2.2. Lightweight Semantic Segmentation

The core goal of lightweight semantic segmentation networks is to reduce the amount of computation and parameter size while maintaining good segmentation accuracy as much as possible. To achieve this goal, researchers have proposed a variety of optimization strategies, including designing lightweight backbone networks, optimizing decoding structures, and using pruning and quantization techniques.

In terms of lightweight backbone networks, MobileNetV2 [26] uses deep separable convolution and inverted residual structures to effectively reduce the amount of computation. ShuffleNetV2 [27] improves computational efficiency through grouped convolution and channel mixing strategies, making it suitable for resource-constrained devices. In addition, EfficientNet [28] uses neural architecture search (NAS) to automatically optimize the network structure to achieve better computing performance.

In terms of decoding structure optimization, ESPNet [29] proposes an efficient spatial pyramid module, which reduces the amount of computation through layered convolution. BiSeNet [30] adopts a dual-path architecture to extract spatial information and semantic information, respectively, thereby reducing the amount of computation while maintaining high accuracy. Fast-SCNN [31] uses a lightweight encoder and a fast decoding structure with jump connections, which improves real-time performance while reducing computing costs.

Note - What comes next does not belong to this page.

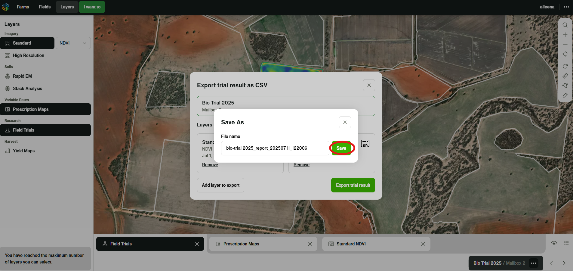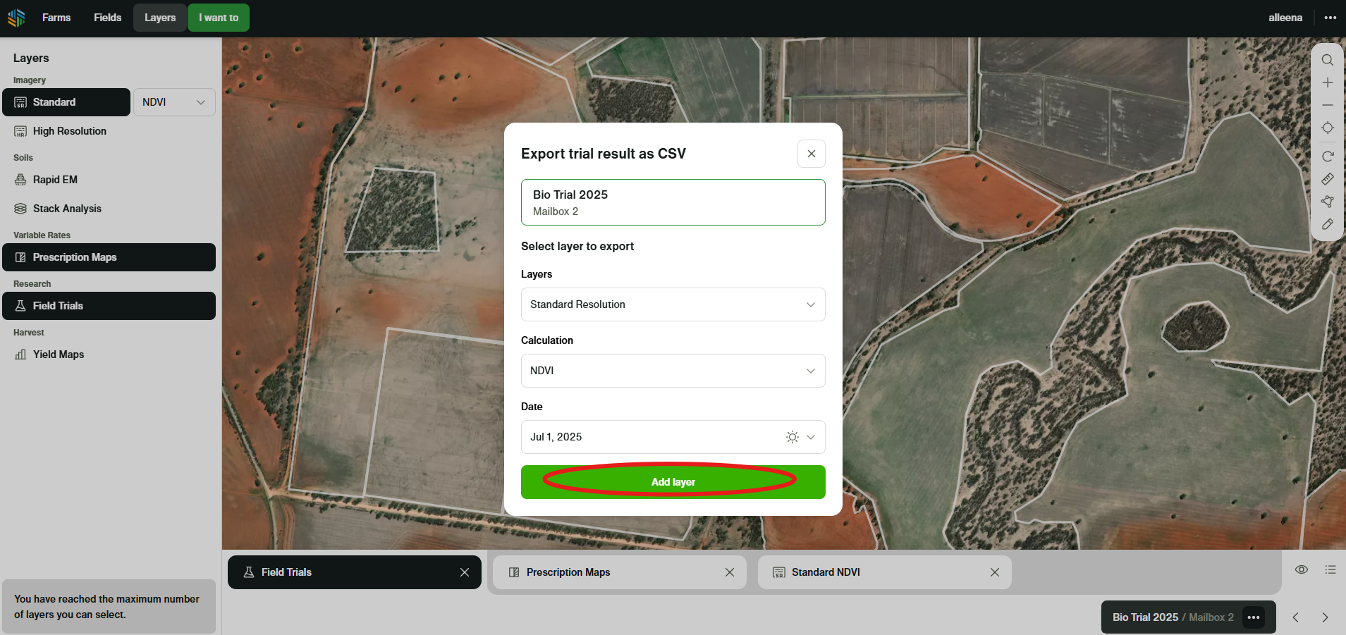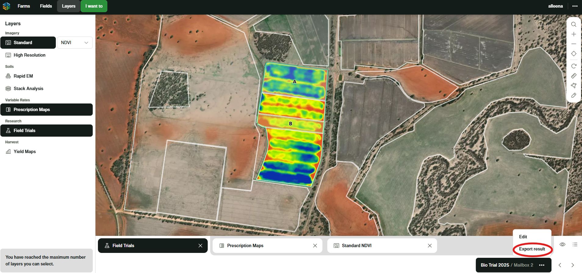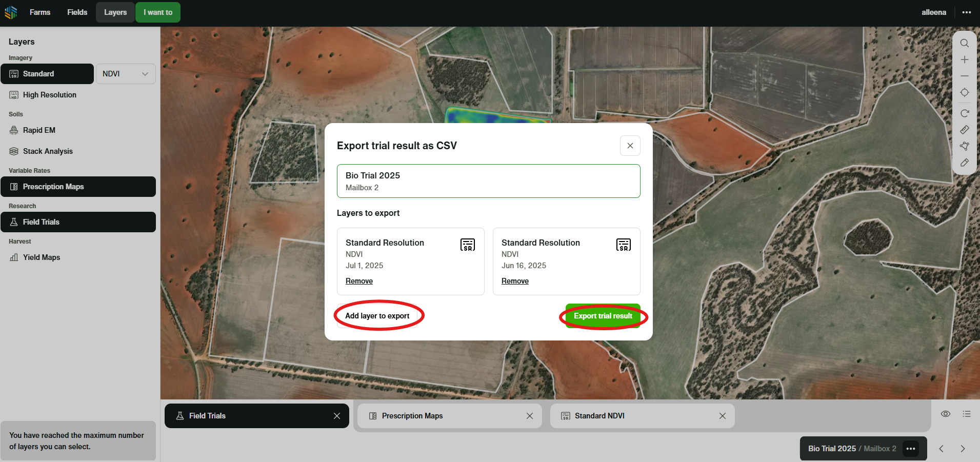 You can then add additional NDVI dates, using the 'Add layer to export' button. After you have added all the images you want to include in the analysis, select, Export trial result.
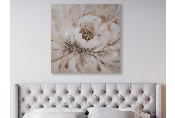 Ručne maľovaný obraz na stenu s výraznou štruktúrou povrchu sa stane jedinečnou dekoráciou vo vašej domácnosti. Umelecký originál s prírodným kvetinovým motívom, príjemne zútulni a oživí každý interiér. Rozmer 100×100 cm.

In addition, model compression technology also plays an important role in lightweight semantic segmentation tasks. Channel pruning [32] reduces the amount of computation by removing redundant channels, and its effectiveness has been verified on networks such as ResNet [33]. Quantization-aware training uses low-bit quantization (such as 8-bit integer calculations) to accelerate the inference process, allowing lightweight models to further reduce storage and computing overhead while maintaining a certain degree of accuracy.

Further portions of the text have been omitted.